Every investor would love to stumble upon the perfect stock. But will you ever really find a stock that provides everything you could possibly want?
One thing's for sure: You'll never discover truly great investments unless you actively look for them. Let's discuss the ideal qualities of a perfect stock, then decide if Morgan Stanley (NYSE: MS ) fits the bill.
The quest for perfection
Stocks that look great based on one factor may prove horrible elsewhere, making due diligence a crucial part of your investing research. The best stocks excel in many different areas, including these important factors:
- Growth. Expanding businesses show healthy revenue growth. While past growth is no guarantee that revenue will keep rising, it's certainly a better sign than a stagnant top line.
- Margins. Higher sales mean nothing if a company can't produce profits from them. Strong margins ensure that company can turn revenue into profit.
- Balance sheet. At debt-laden companies, banks and bondholders compete with shareholders for management's attention. Companies with strong balance sheets don't have to worry about the distraction of debt.
- Money-making opportunities. Return on equity helps measure how well a company is finding opportunities to turn its resources into profitable business endeavors.
- Valuation. You can't afford to pay too much for even the best companies. By using normalized figures, you can see how a stock's simple earnings multiple fits into a longer-term context.
- Dividends.
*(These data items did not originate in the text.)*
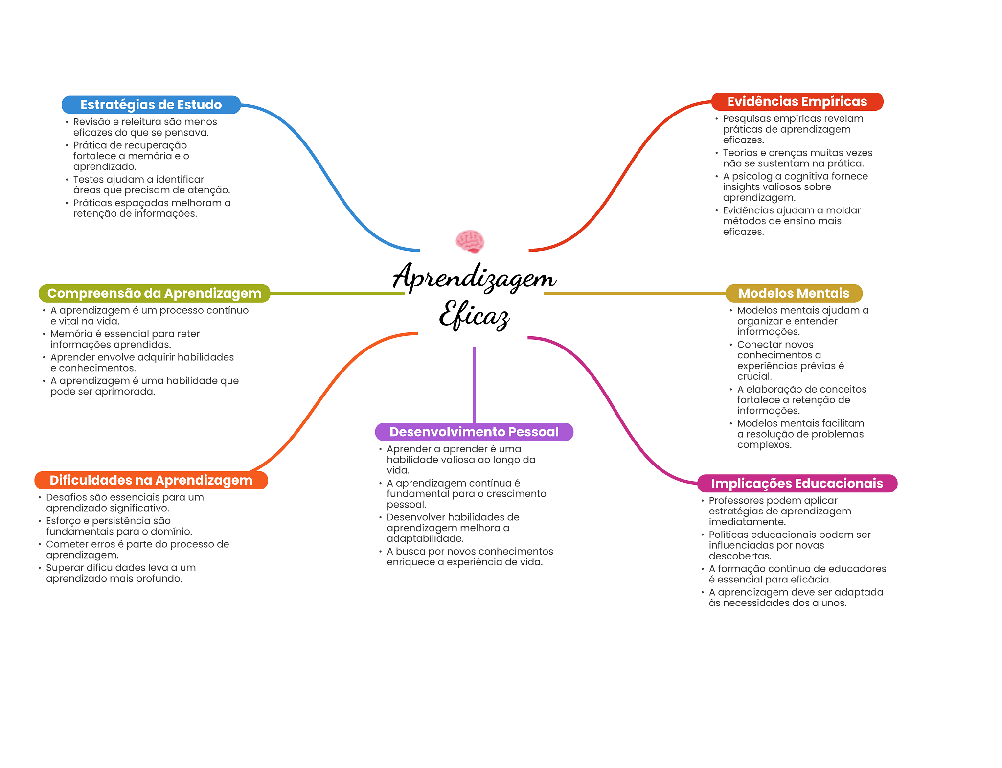 Estratégias de Estudo Evidências Empíricas Revisão e releitura são menos Pesquisas empíricas revelam eficazes do que se pensava. práticas de aprendizagem eficazes. Prática de recuperação fortalece a memória e Teorias e crenças muitas vezes aprendizado. não se sustentam na prática. Testes ajudam a identificar A psicologia cognitiva fornece áreas que precisam de atenção. insights valiosos sobre Práticas espaçadas melhoram a aprendizagem. retenção de informações. Evidências ajudam a moldar métodos de ensino mais eficazes. Aprendizagem Compreensão da Aprendizagem Modelos Mentais A aprendizagem é um processo contínuo Eficaz Modelos mentais ajudam a e vital na vida. organizar e entender Memória é essencial para reter informações. informações aprendidas. Conectar novos Aprender envolve adquirir habilidades conhecimentos a e conhecimentos. experiências prévias é A aprendizagem é uma habilidade que crucial. pode ser aprimorada. A elaboração de conceitos fortalece a retenção de informações. Modelos mentais facilitam Desenvolvimento Pessoal a resolução de problemas Aprender a aprender é uma complexos. habilidade valiosa ao longo da vida. Dificuldades na Aprendizagem A aprendizagem contínua é Implicações Educacionais Desafios são essenciais para um fundamental para crescimento aprendizado significativo. pessoal. Professores podem aplicar Esforço e persistência são Desenvolver habilidades de estratégias de aprendizagem imediatamente. fundamentais para domínio. aprendizagem melhora a adaptabilidade. Políticas educacionais podem ser Cometer erros é parte do processo de influenciadas por novas aprendizagem. A busca por novos conhecimentos descobertas. Superar dificuldades leva a um enriquece a experiência de vida. A formação contínua de educadores aprendizado mais profundo. é essencial para eficácia. A aprendizagem deve ser adaptada às necessidades dos alunos.
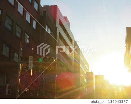 夕日に照らされるビル
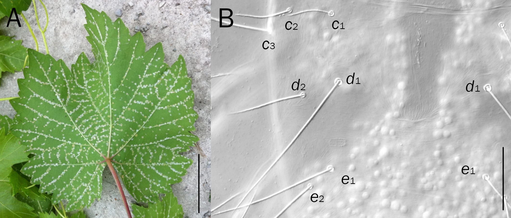 All the specimens of O. perseae were collected on avocado, P. americana, on the French Côte d'Azur, at Menton, near the Italian border. The first sample came from the private garden of Dr René d'Agro who sent us a sample of mite from infested avocado leaves. He also sent some pictures of grapevine leaves, Vitis vinifera L. (Vitaceae), from his neighbor's garden near his own, which were infested by a spider mite whose leaf symptoms were similar (silk nests on the underside of leaves, mainly located along the midrib and main veins) to those produced by O. perseae (Fig. 2A). Although we did not observe under the microscope the mites responsible for these symptoms on grape (we did not have the opportunity to collect mite material because the owner wished to remain anonymous), we also believe that the mite responsible for this damage is O. perseae. However, this possible occurrence of O. perseae will be the third record of this species on grapevine. The first report was in Madeira Island and the second in Algarve, Portugal mainland (Ferreira et al. 2006, 2007). A second sample was collected in the botanical garden of Menton and other avocado trees showing symptoms of infestation by O. perseae were also observed [not collected: as the symptoms observed were typical of O. persae (see above), we did not consider it necessary to expand the number of samples] here and there in the city.
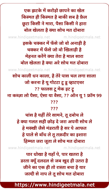 Lyrics of Soch Mat Dobaara - सोच मत दोबारा
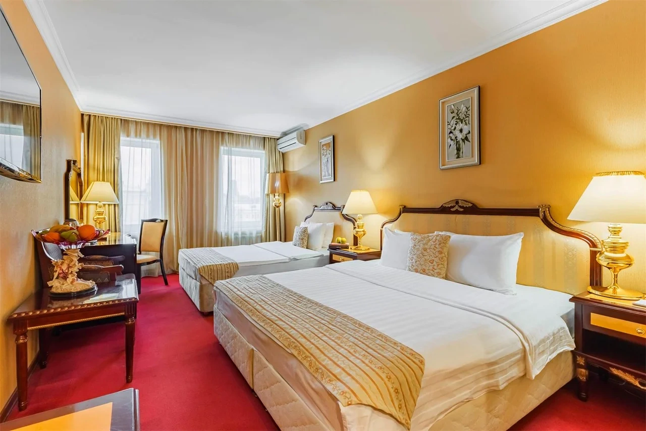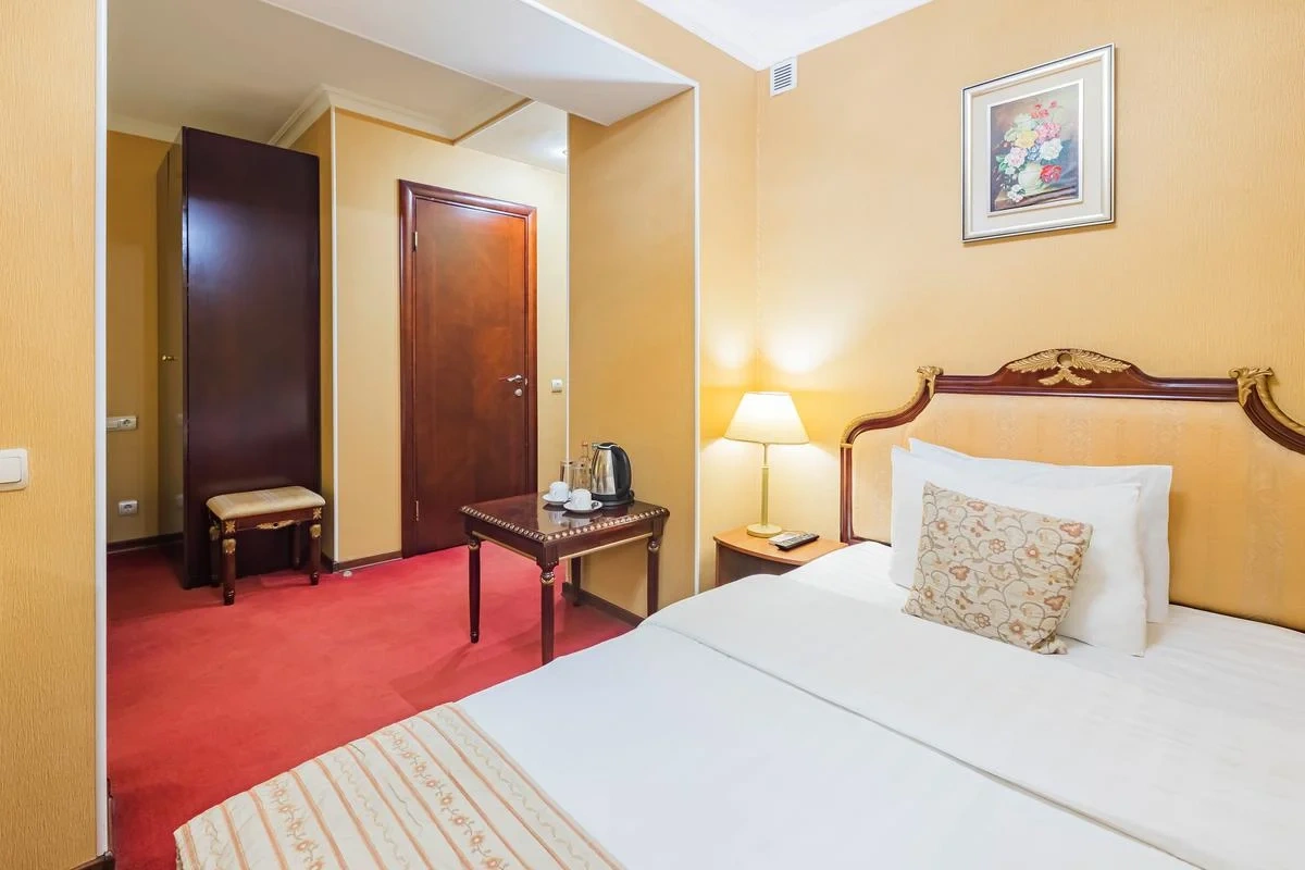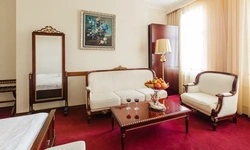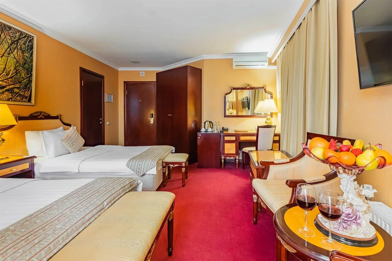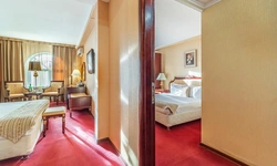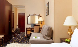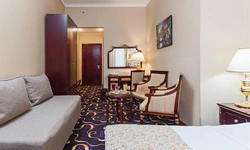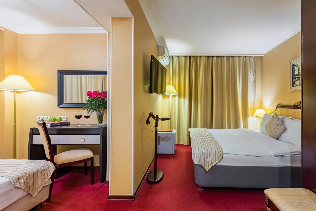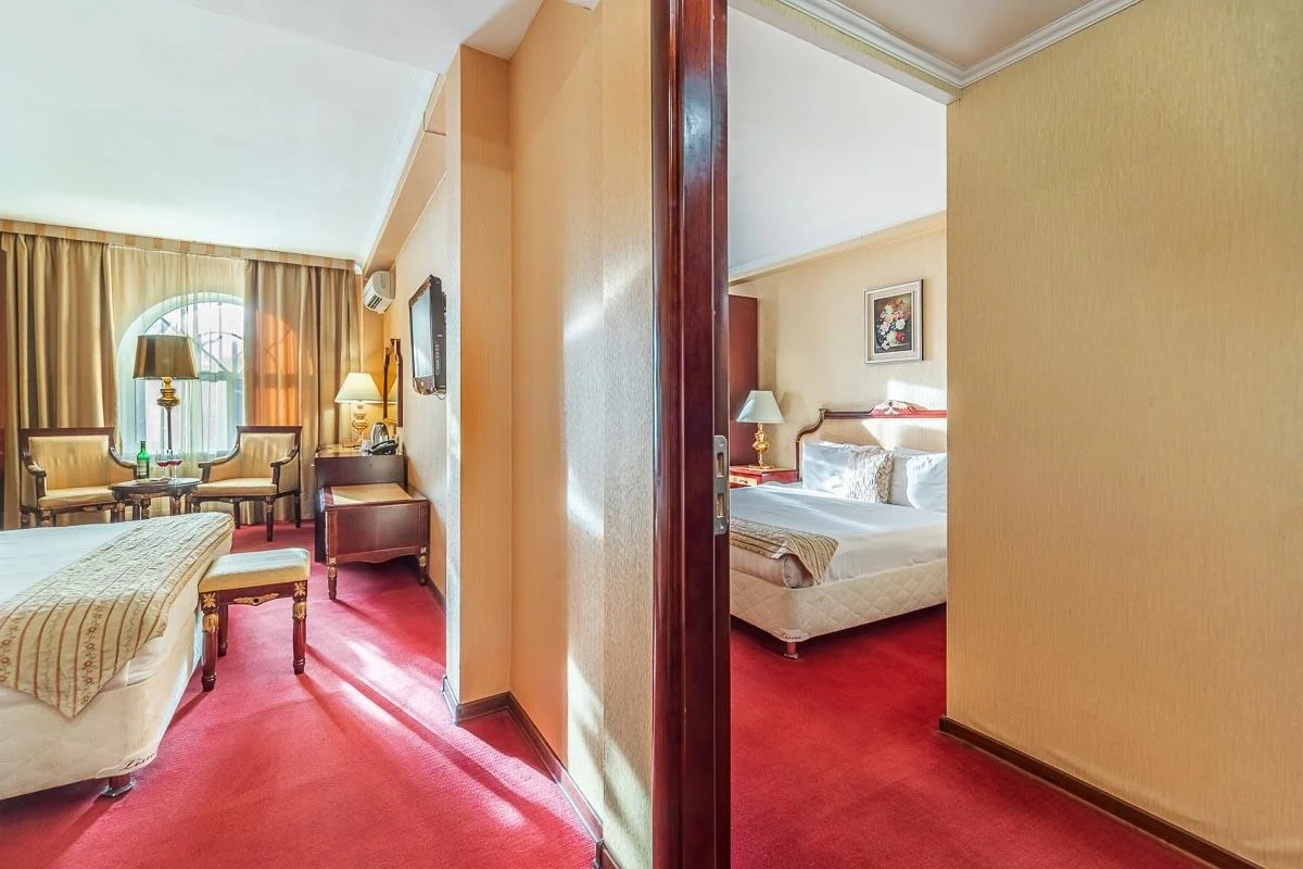 Просторный «семейный» двухкомнатный номер с двумя комфортными кроватями размера «King size» — оптимальный вариант размещения для семьи с детьми или небольшой компании до 6 человек. Интерьер выдержан в элегантных, золотисто-бежевых и винных оттенках, располагает к комфортному отдыху. Удобные кровати оснащены ортопедическими матрасами. Если вам понадобится поработать — можно воспользоваться удобным столом в рабочей зоне. Уходя на прогулку, вы можете оставить документы и ценности в мини-сейфе. В номере есть телевизор с интерактивным спутниковым ТВ, высокоскоростной интернет. Также номер укомплектованы мини-баром, чайной станцией, телефоном, феном, гладильными принадлежностями и халатами. Ежедневно при жилой уборке происходит пополнение гигиенических принадлежностей, питьевой воды, чая и сахара. Мини-бар не входит в стоимость номера и оплачивается отдельно. Под запрос предоставляются косметический и бритвенный наборы. Окна номера выходят во внутренний двор, так что можете быть уверены: вашему отдыху не помешает шум.
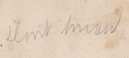 I can’t read that, so I don’t know if it’s a name, or if it’s even relevant to this picture. In any case, I loved this image. She has a good, strong look. I’m not sure what she’s holding in her hands, but it appears to be some sort of card or letter, along with a strand of ivy. And it took a moment for me to notice that she’s wearing gloves, though it seemed obvious once I did. I’m intrigued by the choice of plants, and by the way no effort was made to disguise the pot.

For tangible proof of profits, a check to shareholders every three months can't be beat. Companies with solid dividends and strong commitments to increasing payouts treat shareholders well.
With those factors in mind, let's take a closer look at Morgan Stanley.
What We Want to See
Pass or Fail?
|Growth||5-Year Annual Revenue Growth > 15%||(0.2%)||Fail|
|1-Year Revenue Growth > 12%||(5.1%)||Fail|
|Margins||Gross Margin > 35%||88.1%||Pass|
|Net Margin > 15%||8.3%||Fail|
|Balance Sheet||Debt to Equity < 50%||528.5%||Fail|
|Current Ratio > 1.3||1.60||Pass|
|Opportunities||Return on Equity > 15%||4.3%||Fail|
|Valuation||Normalized P/E < 20||9.78||Pass|
|Dividends||Current Yield > 2%||1.4%||Fail|
|5-Year Dividend Growth > 10%||(28.6%)||Fail|
|Total Score||3 out of 10|
Source: S&P Capital IQ. Total score = number of passes.
Since we looked at Morgan Stanley last year, the company hasn't improved on its three-point score. The stock has been stuck in the doldrums, though, with a 15% drop over the past year.
Morgan Stanley has been squarely in the limelight lately, and not in a good way. As lead underwriter for the Facebook (Nasdaq: FB ) IPO, Morgan Stanley found itself in the hot seat when the social media giant's IPO got off to a rough start, with trading glitches that led to opening-day delays eventually leading to severe price declines that have shaved off half of Facebook's value in just a few months.
Fallout from the Facebook debacle could severely hurt Morgan Stanley's future. In 2011, the company led all IPO underwriters with nearly $10 billion in proceeds, beating out Bank of America (NYSE: BAC ) and its Merrill Lynch unit, along with Goldman Sachs and JPMorgan (NYSE: JPM ) . Reputational damage could cost Morgan Stanley its leadership role, although the company is fighting hard to retain its edge.
Moreover, brokers are facing a tough environment right now. The rate environment has led to lower investment income, which has hurt both Goldman and E*TRADE Financial (Nasdaq: ETFC ) along with Morgan Stanley. With the Fed likely to keep rates low for a long time, those headwinds aren't going away anytime soon.
For Morgan Stanley to improve, it needs to get past the Facebook troubles and re-establish itself as a major Wall Street player. If it can do that, then its relatively cheap valuation gives the stock plenty of room to run.
No stock is a sure thing, but some stocks are a lot closer to perfect than others. By looking for the perfect stock, you'll go a long way toward improving your investing prowess and learning how to separate out the best investments from the rest.